Where...a depreciating asset is fixed to land where the owner of the quasi-ownership right has a right to remove the asset, the uniform capital allowance system recognises them as the holder while the right of removal exists. Right of removal is consistent with the established legal concept, connoting a right to remove the asset for the benefit of the holder of the right, with the removed item being for their rather than the landowner's benefit. Often the right of removal will extend beyond the term of the quasi-ownership right, allowing the quasi-owner reasonable time to remove the asset; they will remain a holder of the asset until that right ends, as until then they might exercise the right and remove the asset, and so continue to hold the asset.

Assets that are Inclusions under a Property Sale Agreement

As a consequence of Company A entering into a Property Sale Agreement, it is no longer the owner of depreciating assets that are Inclusions in respect of the property that was subject to the sale agreement. Therefore, Company A stops being the holder of such assets under item 10 of the table in section 40-40.

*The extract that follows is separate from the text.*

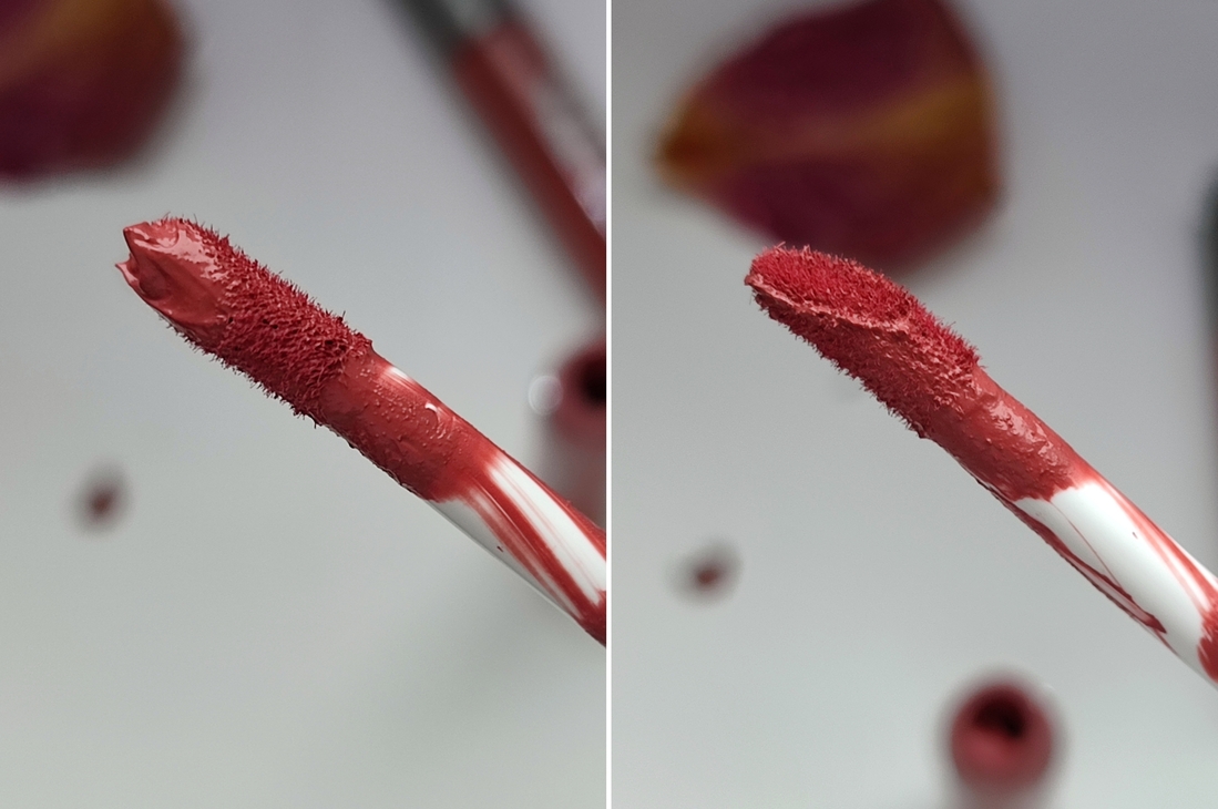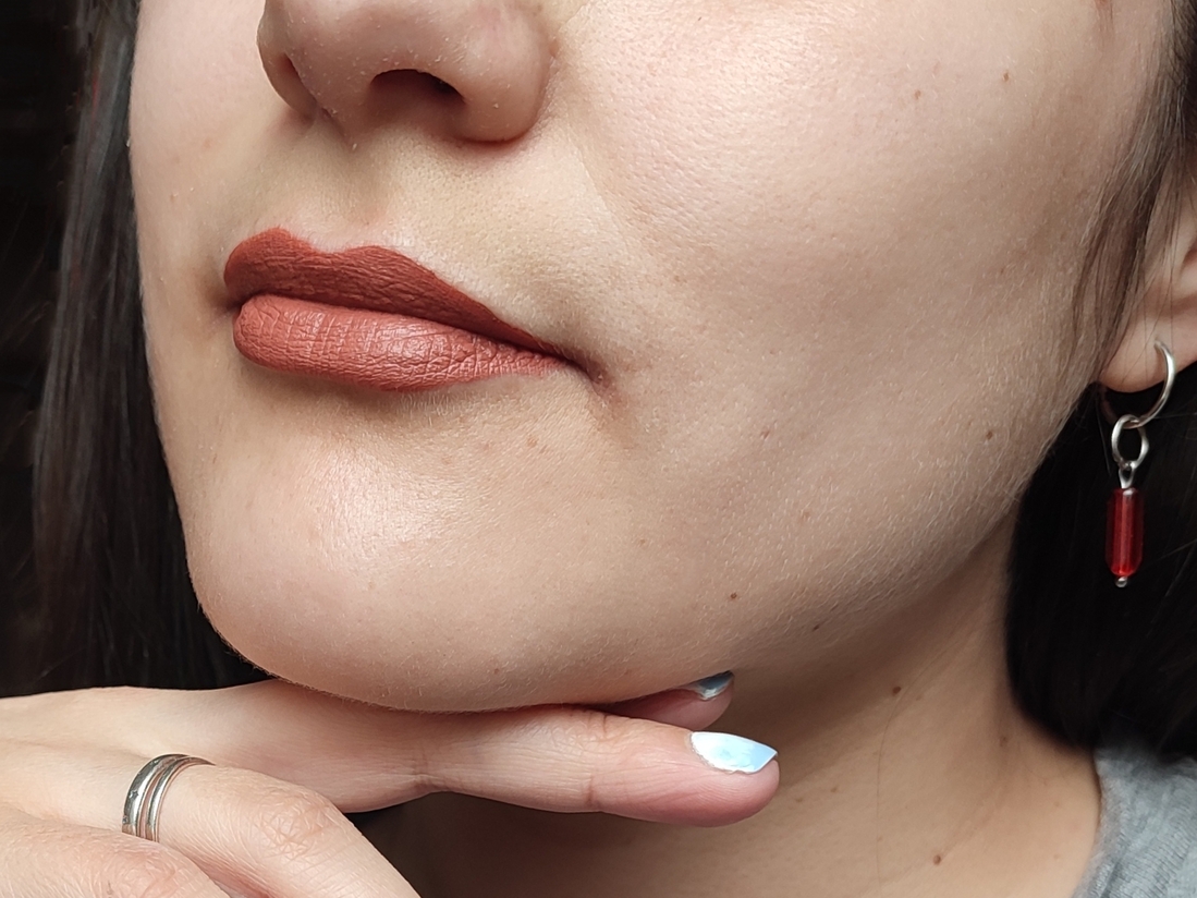 Нанесение аппликатором. Его можно нанести идеально ровно, честно. Не знаю, что пошло не так: то ли руки устали, то ли губы от этого марафона матовых помад, но контур надо было подравнять.

Further, Company A does not become the holder of the assets under any other item in that table, including after the Property Lease in respect of that property is entered into.

Therefore, a balancing adjustment event occurred for Company A in respect of such assets.

Accordingly, Company A will include an amount in, and/or deduct an amount from, its assessable income depending on whether the termination value for a particular asset is more, or less, than its adjustable value just before the event occurs: section 40-285.

Assets that are Exclusions under a Property Sale Agreement

The Exclusions are excluded from the sale of each property and Company A is not required to remove any Exclusions from the property according to the Property Sale Agreement.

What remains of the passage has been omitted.